Güncelleme Tarihi:
KASIM 2020’de meydana gelen ancak ilgili bilimsel çalışmanın 2 Şubat’ta tamamlandığı dalga için “beklenmedik ve korkutucu” yorumu yapıldı. Söz konusu dalgayı ölçen şamandıranın işletmecisi, MarineLabs şirketi CEO’su Scott Beatty, bu tür dalgaların “muazzam güçleri ve öngörülemezlikleri nedeniyle deniz operasyonları için büyük bir tehdit” olduğunu söyledi. Victoria Üniversitesi’nden Johannes Gemmrich de “Aniden oluşurlar, bu yüzden gemi işletmecileri uyarılamaz. Kaptanın rotasını değiştirmek için zamanı olmaz” diye konuştu. Serseri dalgaların, tsunamiler ile karıştırılmaması gerektiğini de söyleyen Gemmrich, “Oluşma biçimleri tamamen farklı. Serseri dalgalar rüzgâr tarafından üretilir. Tsunami ise en yaygın olarak deprem ya da volkan patlaması sonucudur” dedi.
Bilinen ilk serseri dalga 1995 yılında Norveç açıklarında 25.6 metre olarak kaydedilmişti.

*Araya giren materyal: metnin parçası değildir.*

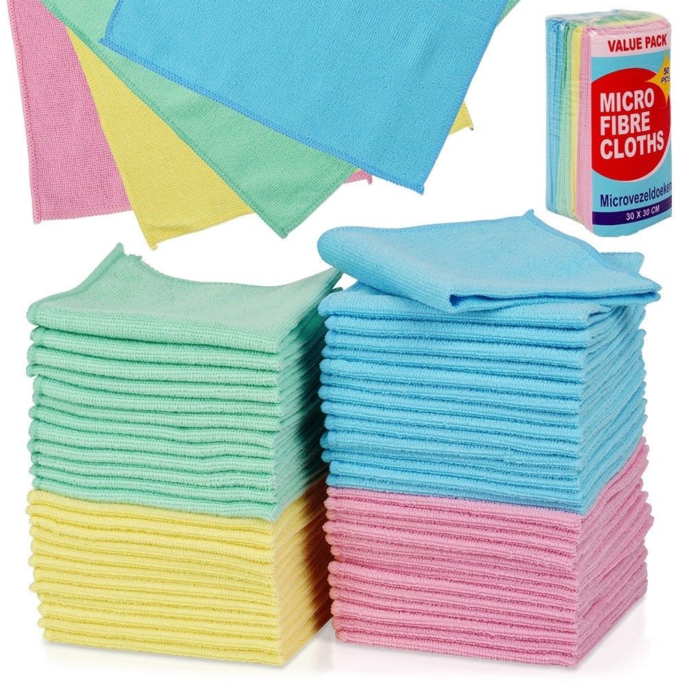 Az 50 darabos, pasztell színű készlet elegendő a konyhába, a fürdőbe és más helyiségekbe is. A kendők könnyen megkülönböztethetők feladat szerint.

Ancak onu çevreleyen dalgalar 12 metre yüksekliğindeydi ve aralarında iki kat fark vardı. Rekor kıran Kanada’daki dalga ise sadece 17.6 metre olmasına karşın izleyen dalgalar 6 metre olarak ölçüldü. Bu da farkın 3 kat olduğu anlamına geliyor.
BEKLENMEDİK DOĞA OLAYI
Amerikan Ulusal Okyanus ve Atmosfer Dairesi, ‘serseri’ dalgaları “birbirini izleyen diğer dalgalardan iki kat daha büyük, hâkim rüzgâr ve dalga yönünün aksine hareket edebilen, beklenmedik doğa olayları” olarak tanımlıyor. Burada önemli olan dalganın tek başına boyu değil, çevreleyen dalgalarla arasındaki büyüklük farkı.